Inside a Lévy Flight Rally

We don’t comment on the analysis posted at ZeroHedge very often, as many of the contributions to the site have a very high noise to signal ratio, but we have to tip our hats to the Tyler Durdens because they’ve helped answer a question we’ve had about the internal market mechanics that are needed to drive a Lévy Flight Rally.

A Lévy flight is perhaps best described as a random walk where the otherwise random path an object takes as it moves is periodically punctuated by sudden, large movements. That’s very different from a typical random walk, also called Brownian Motion, where the variation in the magnitude of movements might be described by a normal distribution.

Going by that frame of reference, the large movements of a Lévy flight would therefore be highly unlikely, and therefore, unpredictable. Or as a mathematician might describe the bell curve associated with the distribution of a Lévy flight, they have much fatter tails than do typical normal distributions.

But then, the stock market is well known for its sheer number of improbably fat-tailed events. A good example is the recent rally that took place between 29 September 2015 and 5 October 2015. Here, we had observed in our model of how stock prices work as the transition from investors being focused on 2016-Q1 to instead be focused on 2016-Q2 (or Q3).

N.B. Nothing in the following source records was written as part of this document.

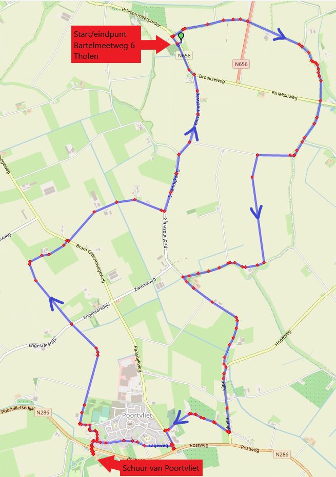 De tocht wordt rond 13.30 uur vervolgd via de Stoofstraat, Tolweg, Deestraat, Langeweg, Pelleweg, Roolandsedijk terug naar de Bartelmeetweg.
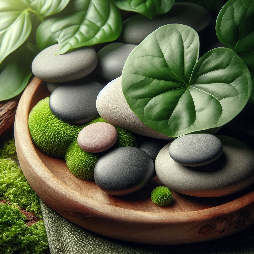 Smooth stones and green leaves create a serene scene
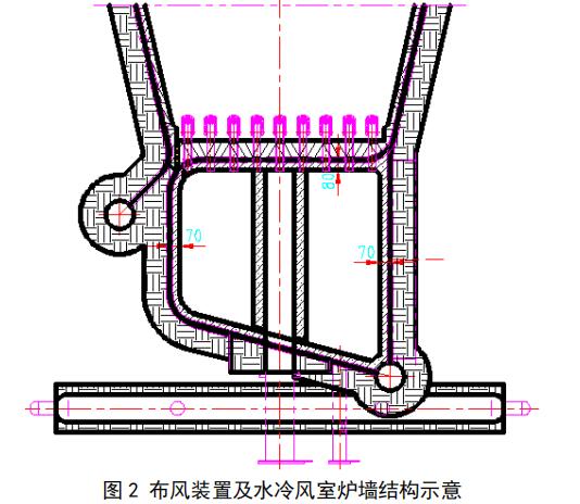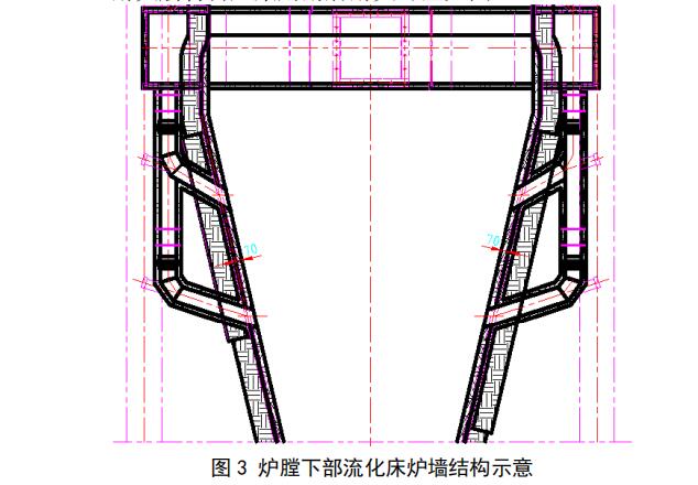 布風裝置及水冷風室內部點火時溫度 900℃左右,正常運行在150℃左右,不存在磨損現象,但溫度變化大,熱沖擊劇烈。對耐火材料要求有較高的抗熱震穩定性,不應輕易 發生脫落現象。耐火層材料應采用磷酸鹽耐火混凝土如圖2
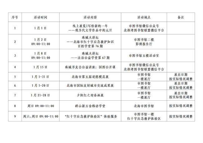 北海市图书馆2022年1月活动开展安排表
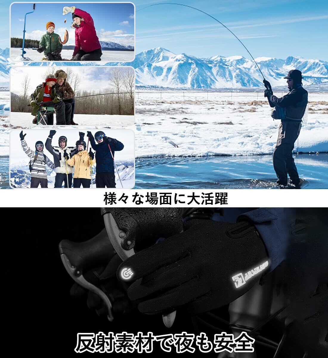【暖かい裏起毛・防寒防風】防寒グローブは保温性に優れた複合ポリエステルを素材に、、柔らかい裏起毛、熱を閉じ込めやすく、肌に優しく快適な着心地を実現している防寒手袋です。更に、長めの丈で、袖口との隙間を作らない、手首からの冷気の侵入を防ぎ、寒い冬でもポカポカな防寒手袋で、着け心地のよくて保温性・防寒性・通気性を兼ね備えたスポーツグローブやサイクリンググローブとしても素晴らしいです。
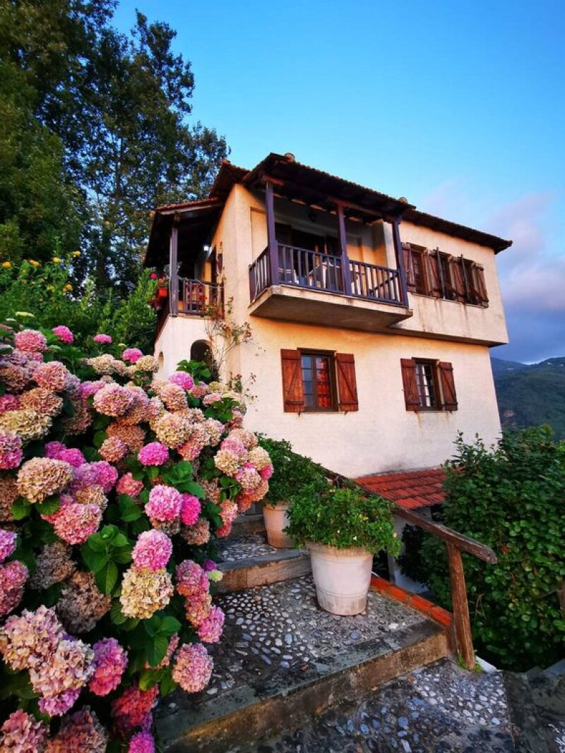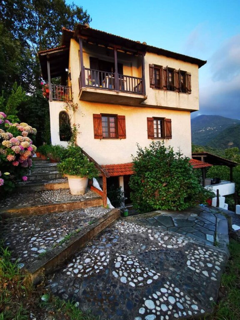 MOURESI PELION for sale vintage detached house in traditional style 260 sq.m. with wonderful views of the Aegean Sea and the Sporades islands. The well-preserved traditional mansion, built in the late 1980s. The traditional detached house is located on a 1,100 sq m plot within the city limits, arranged in a beautiful garden and welcoming terraces from which you can enjoy the magnificent view of the Aegean Sea, the Sporades and Mount Athos. On the 1st floor there is a spacious hallway, two well-equipped kitchens connected to the dining room, as well as a bedroom and a living room. There are also two bathrooms with showers and two bedrooms. On the second floor, whose entrance is from the garden level, there is a bedroom with a terrace and a bathroom with shower. On the upper level there is a fully equipped apartment, offering potential guests complete independence. The apartment has a spacious kitchen and living room, a cozy fireplace, a bathroom and two bedrooms with garden views. Outside there is an outdoor kitchen for barbecue and a tiny apartment with a kitchenette, bathroom and bedroom. It is proposed as a permanent country residence, but also as an investment property in a beautiful area of Pelion. SALE PRICE: 600,000 EUROS PROPERTY CODE: P-20.

Alternative Futures for S&P 500, 2015-Q4, Snapshot on 14 October 2015

We could easily understand how stock prices could crash in a Lévy Flight event, as might happen when investors suddenly shift their focus from a future quarter with more positive prospects for their investments to a different future quarter with more negative prospects. All that takes is an increased demand to sell in a market environment with reluctant buyers considering a negative sentiments for the future prospects of their newly acquired holdings. But why would that sentiment suddenly reverse to power stock prices up at a much faster pace than markets rise during boom times? Especially in the absence of positive news for the market.

And that’s where ZeroHedge’s analysis by actual market traders becomes invaluable. They dug into the “savage reversal” and found a rather amazing amount of short covering, where investors who had speculated too far to the negative side of the market during the Lévy Flight crash that preceded the rally were force to cover their short investments by buying up shares – especially of the stocks they were most seeking to sell short.

Most Shorted Stocks vs S&P 500 - Source: ZeroHedge

We see then that a very large short squeeze played a very large role in driving stock prices back up so quickly. Better still, in the days following the rally, the Tyler Durdens also documented which stocks were the most “hated”, as measured by the percentage of their floating shares being shorted, going into the rally.

And though our model of how stock prices work allows us to determine in advance where stock prices will go during a Lévy flight crash or rally, we’re still learning what it takes for stock prices to actually make those quantum shifts during such “fat-tailed” events.

Welcome back to the cutting edge!

One final note – in our chart showing the alternative future trajectories of stock prices above, since our model incorporates historic stock prices, its projections of future stock prices can be affected by the volatility associated with them, which we refer to as the echo effect. To account for that factor in upcoming days, we’ve simply drawn a straight line (the purple shaded region) across the period where we observe that our model’s projections are most affected by larger than typical volatility in those historic stock prices.